Lozano v. Schlesinger

84 P.3d 816, 191 Or. App. 400, 2004 Ore. App. LEXIS 31
CourtCourt of Appeals of Oregon
DecidedJanuary 21, 2004
Docket9910-11535, A113569
StatusPublished
Cited by6 cases

This text of 84 P.3d 816 (Lozano v. Schlesinger) is published on Counsel Stack Legal Research, covering Court of Appeals of Oregon primary law. Counsel Stack provides free access to over 12 million legal documents including statutes, case law, regulations, and constitutions.

Bluebook
Lozano v. Schlesinger, 84 P.3d 816, 191 Or. App. 400, 2004 Ore. App. LEXIS 31 (Or. Ct. App. 2004).

Opinion

*402 LANDAU, P. J.

Plaintiffs appeal a summary judgment dismissing their claim of negligence because it is barred by a statute of ultimate repose. We reverse and remand.

The relevant facts are undisputed. Defendant built a house for his own family. He filed a “notice of completion” on May 30, 1989. Such a notice triggers a 75-day period within which potential lien claimants may perfect any construction liens. ORS 87.045. Defendant and his family moved into the house the following month and lived there until 1992, when they sold it to Pavel and Jimison, who lived there for approximately five years.

In June 1997, plaintiffs purchased the house. Within a few months of the purchase, they discovered major water leaks inside the house. The leaks caused severe damage to the house’s interior. Ultimately, plaintiffs determined that the leaks were a result of windows and doors that defendant had not properly installed in 1989.

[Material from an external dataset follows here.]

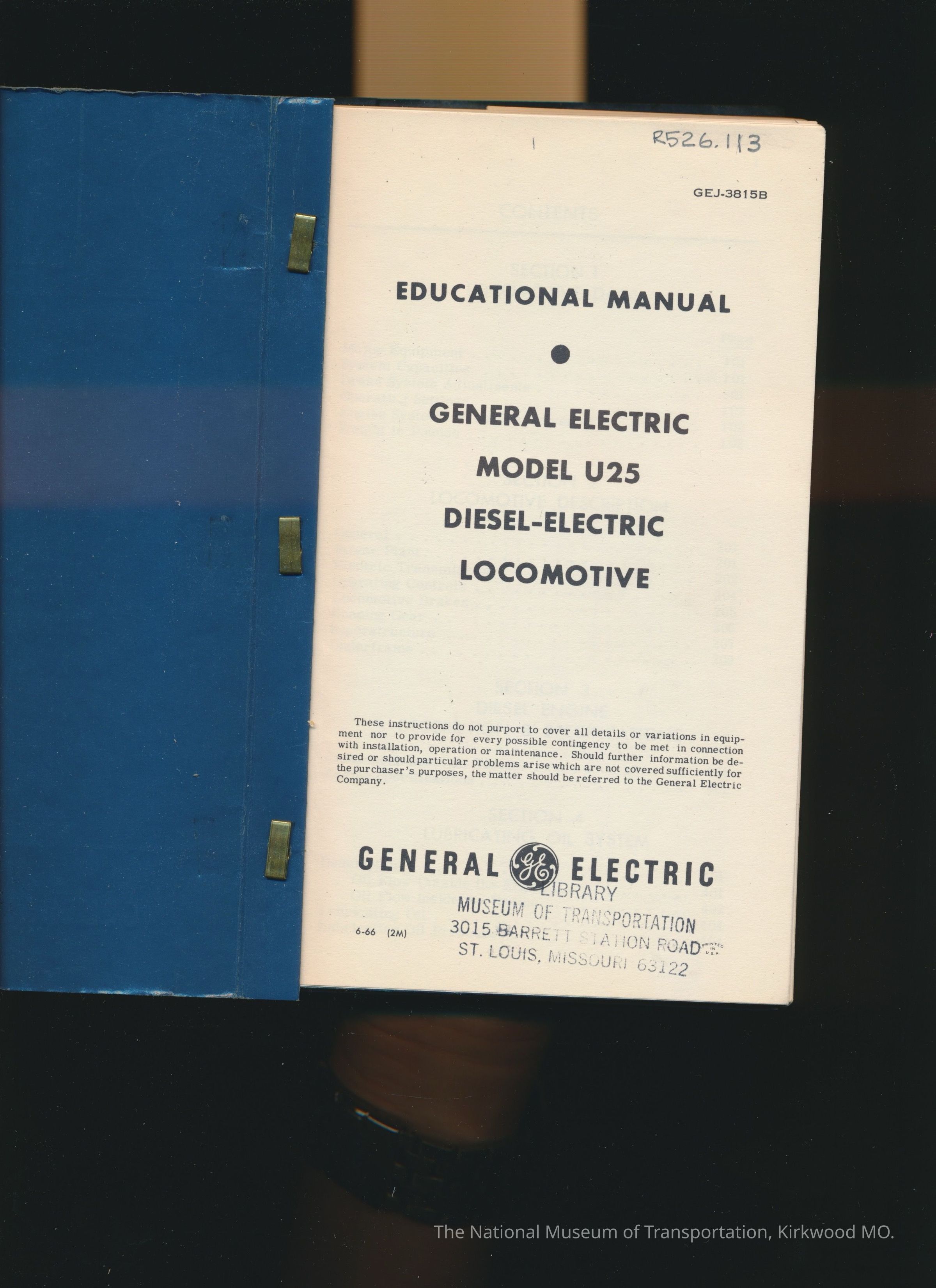 General Electric - Educational Manual, Model U25 Diesel-electric Locomotive. Document GEJ-3815.Entry/Object ID

On October 25, 1999, plaintiffs filed a complaint against defendant for negligent construction of the house. Defendant moved for summary judgment on the ground that the action was time-barred. Specifically, he argued that the action had been commenced beyond the 10-year statute of ultimate repose stated in ORS 12.135(1), which provides:

“An action against a person, whether in contract, tort or otherwise, arising from such person having performed the construction, alteration or repair of any improvement to real property or the supervision or inspection thereof, or from such person having furnished the design, planning, surveying, architectural or engineering services for such improvement, shall be commenced within the applicable period of limitation otherwise established by law; but in any event such action shall be commenced within 10 years from substantial completion or abandonment of such construction, alteration or repair of the improvement to real property.”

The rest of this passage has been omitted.